* The data:
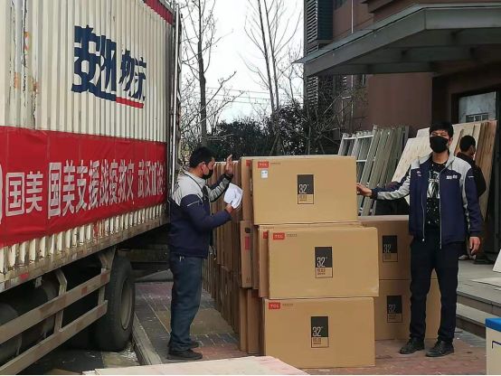 股市利好的另一边,是国美驰援多家方舱医院,获央视实名点赞?1小时内货源组织到位,2小时出库配送到位,24小时设备安装调试完成......在这场与时间的拉锯战中,国美集团积极落实“应收尽收”号召,驰援多家方舱医院,发挥大连锁优势,高效协同,再现“中国速度”!2月12日,火速配送30台空调及70台微波炉到武汉江夏大花山方舱医院之后,2月13日,国美捐赠方舱医院第二批物资250台电视全部到位,其中50台国美智能电视送装至武汉江夏大花山方舱医院,另200台电视送装至武汉市九医院东院A区方舱医院,以保证医护人员及患者良好的生活医治环境,助力方舱医院“应收尽收、应治尽治”。据了解,截至2月12日,大花山户外运动中心A馆“方舱医院”原有400个床位,B馆将新开辟400个床位。目前A馆床铺、垃圾桶、电线插孔等配套设施已备齐,公共区域的电视、饮水机、空气净化器、取暖设备以及各类书籍已安装和摆放完毕,“三区两通道”升级改造工作也已完成,可满足患者的各类生活需求,基本具备收治轻症患者条件,收治确诊的新冠肺炎轻症患。50台电视的送装在一天内完成,这在当下并不容易。为此,国美前期已做好预案,发挥送装同步优势,不脱节不误工,切实保证任务按时完成。目前,国美电视品类的送装同步服务已覆盖全国,洗衣机、冰箱品类送装同步服务也已覆盖到全国460个城市,切实保证了用户的生活需求,更有力支撑了此次疫情期间的各个援建项目。
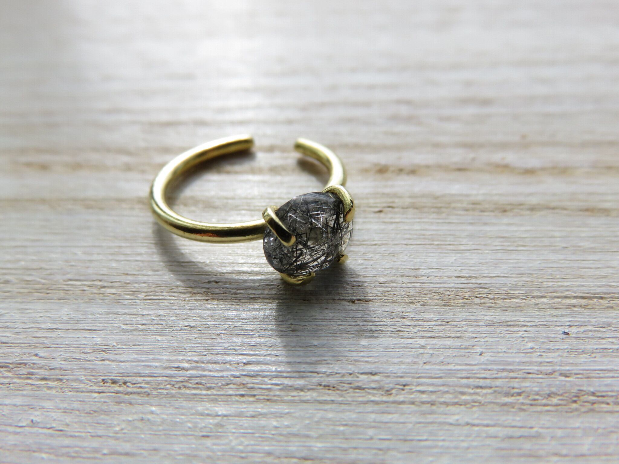 宝石質トルマリンクォーツAAAを爪留めした真鍮のイヤーカフです。石の高さが低めなので天然石イヤーカフ初心者の方もつけやすいデザインです。
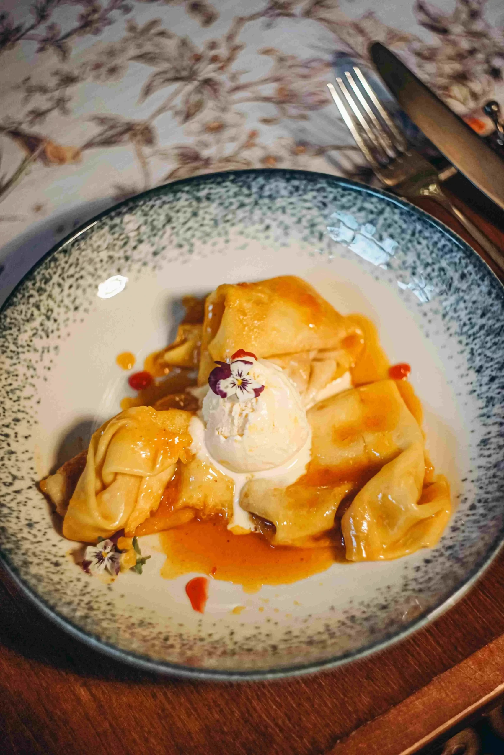 Блинчики подаются с домашним мороженым из топлёного молока, напоминающим по вкусу нежную ряженку. Приходите попробовать!
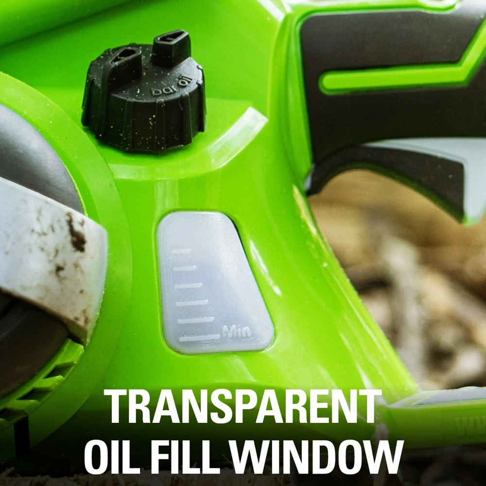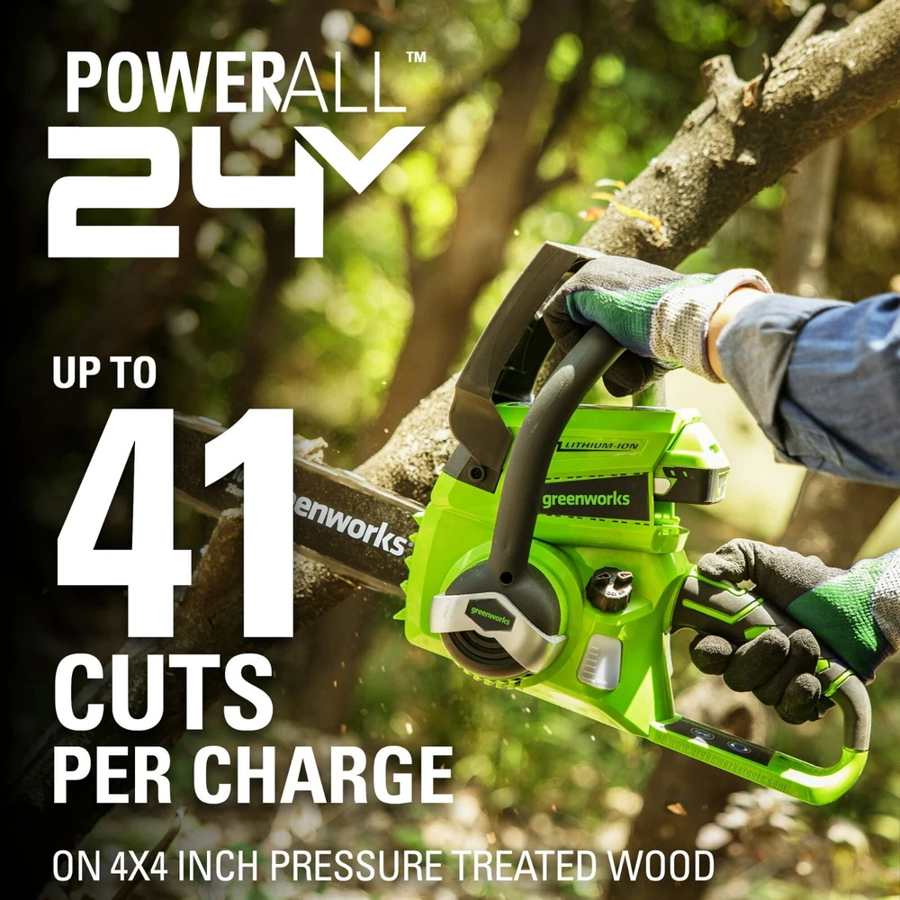 Greenworks 24V 10" Cordless Chainsaw: 24V lithium-Ion battery compatible with both indoor and outdoor tools 10" bar and chain suitable for cutting branches and limbs Tool less chain tensioning for quick adjustments so you can get back to the task at hand 2AH battery included
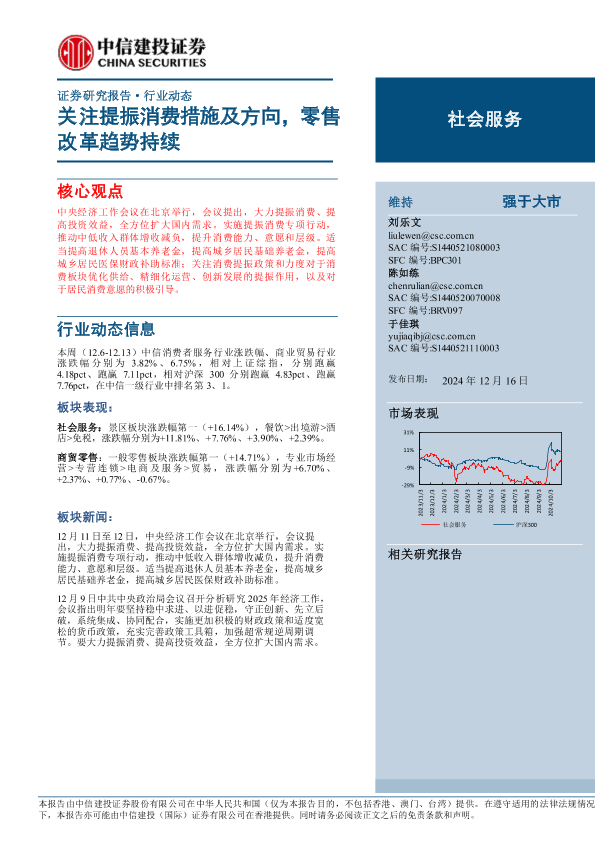 【中信建投证券】【20241216】2024年12月29日更新-【中信建投】社会服务行业动态:关注提振消费措施及方向,零售改革趋势持续-25页
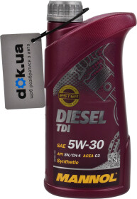 CH-4, SNМоторна олива Mannol Diesel TDI 5W-30 синтетична розроблена із застосуванням ester-вмісних частинок і багатофункційного пакета присадок. Придатна для сучасних двигунів, які використовують бензин або дизель, з турбонаддувом чи без. Особливо рекомендована для турбодизельних двигунів із прямим упорскуванням. Використовується у двигунах:
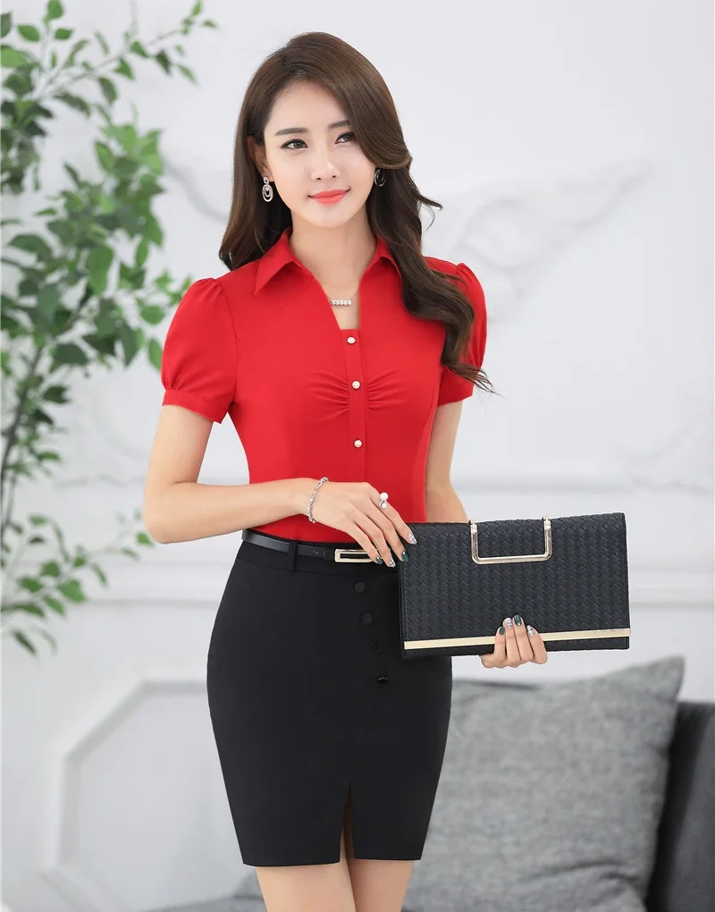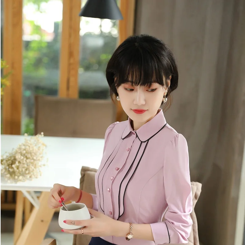 Novelty Pink Uniform Styles Work Wear Female Blouses
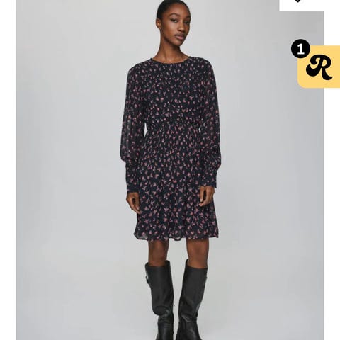 Kjole fra Moods of Norway, pent brukt. Kjolen har lange ermer og en rund hals, flerfarget mønster i mosegrønn, sand og svart.
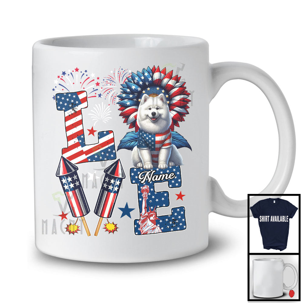Personalized Love, Lovely 4th Of July Custom Name Samoyed, Sunflower US Flag Patriotic T-Shirt. This cotton t-shirt is a durable staple product with a classic fit. One of the most popular items, it has a relaxed style made for everyday and casual wear.
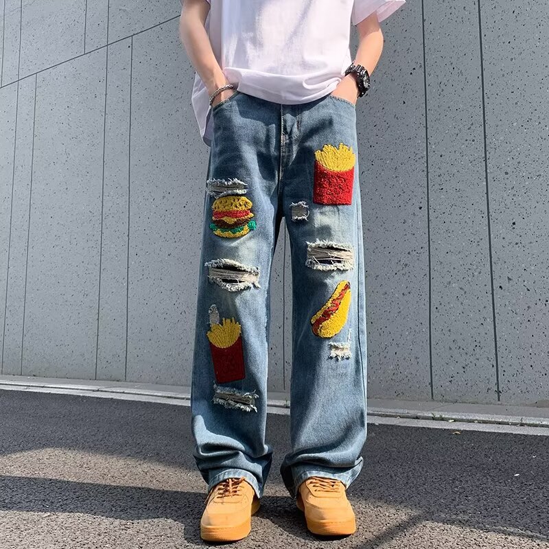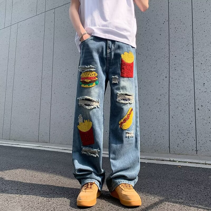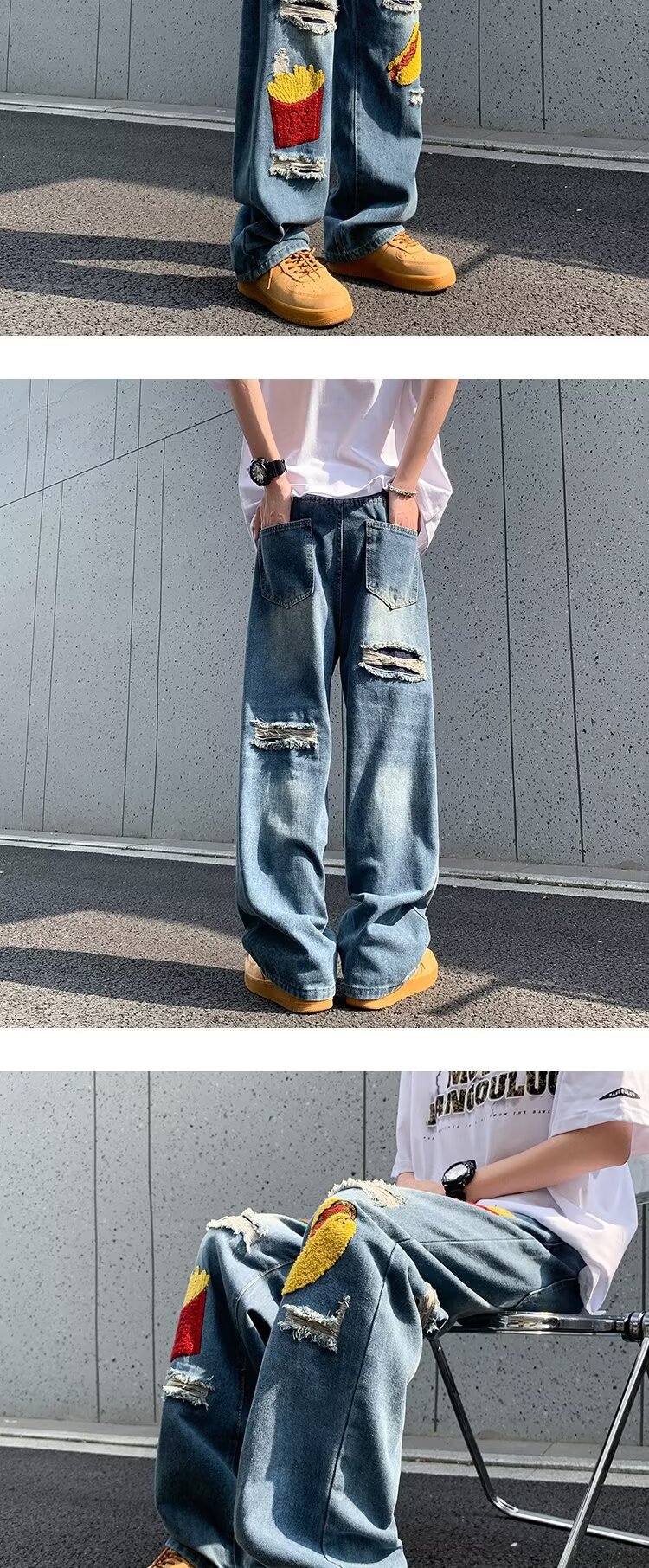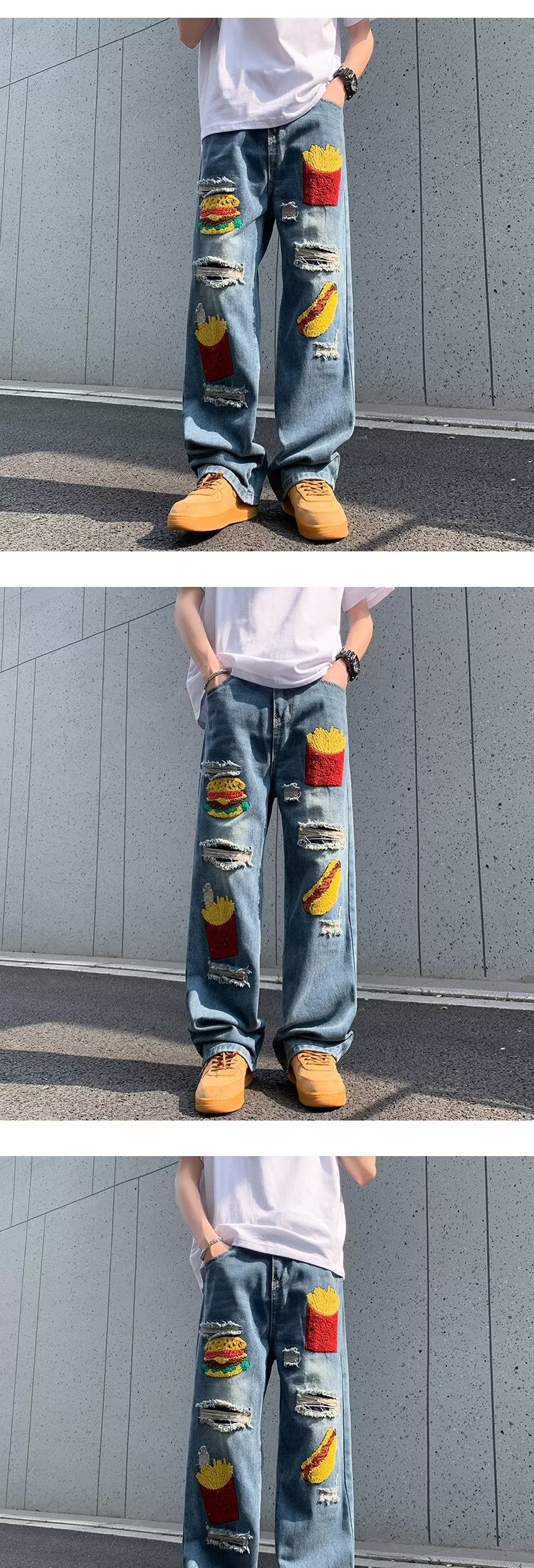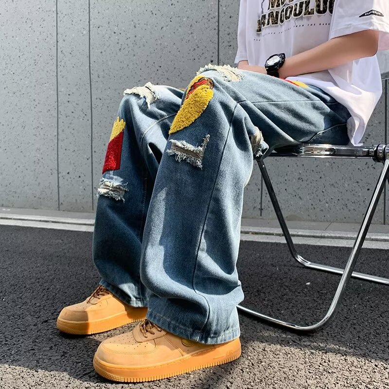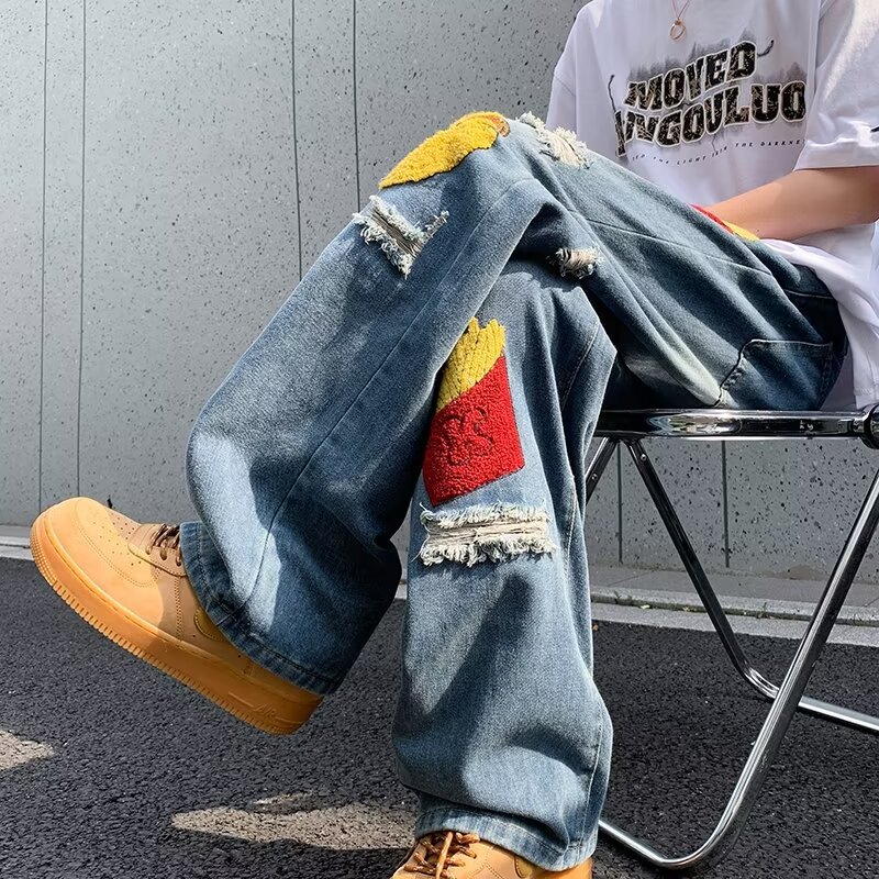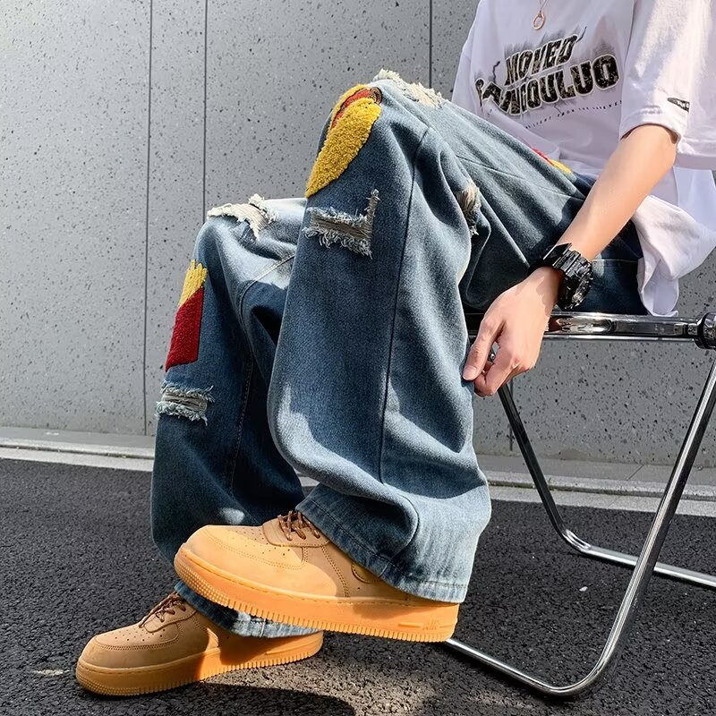 레트로 블루 청바지 남성용 봄과 여름 하이 스트리트 함부르크 수놓은 스트레이트 레그 팬츠 디자인 감각 뚱뚱한 잘 생긴 넓은 다리 캐주얼 바지스토어 가기
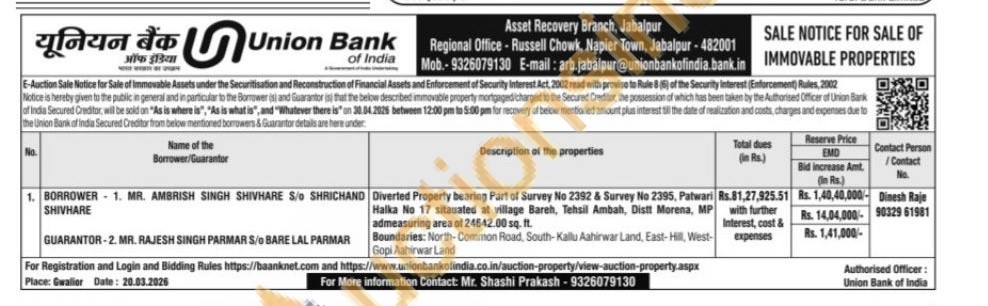 Diverted Property bearing Part of Survey No 2392 & Survey No 2395, Patwari Halka No 17 sitauated at village Bareh, Tehsil Ambah, Distt Morena, MP admeasuring area of 24642.00 sq. ft. Boundaries: North-Common Road, South-Kallu Aahirwar Land, East-Hill, West- Gopi Aahirwar Land
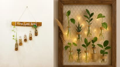 घरात जागा कमी असेल तर फ्रेम प्लांटर हा एक उत्तम पर्याय आहे. यासाठी कोणतीही लाकडी फ्रेम घेऊन त्यात जाळी लावा आणि सीरमच्या बाटल्या दोरीने बांधा. यात तुम्ही मनी प्लांट, स्नेक प्लांट किंवा लकी बँबू लावू शकता. कडेने लावलेले फेरी लाइट्स याला एक पूर्ण लूक देतील.

* Work task:
Word for word, write out the lines above running from the one with "레트로 블루 청바지 남성용" up to and including the one with "Diverted Property bearing". Drop any picture.

* Answer to the exercise:
 레트로 블루 청바지 남성용 봄과 여름 하이 스트리트 함부르크 수놓은 스트레이트 레그 팬츠 디자인 감각 뚱뚱한 잘 생긴 넓은 다리 캐주얼 바지스토어 가기
 Diverted Property bearing Part of Survey No 2392 & Survey No 2395, Patwari Halka No 17 sitauated at village Bareh, Tehsil Ambah, Distt Morena, MP admeasuring area of 24642.00 sq. ft. Boundaries: North-Common Road, South-Kallu Aahirwar Land, East-Hill, West- Gopi Aahirwar Land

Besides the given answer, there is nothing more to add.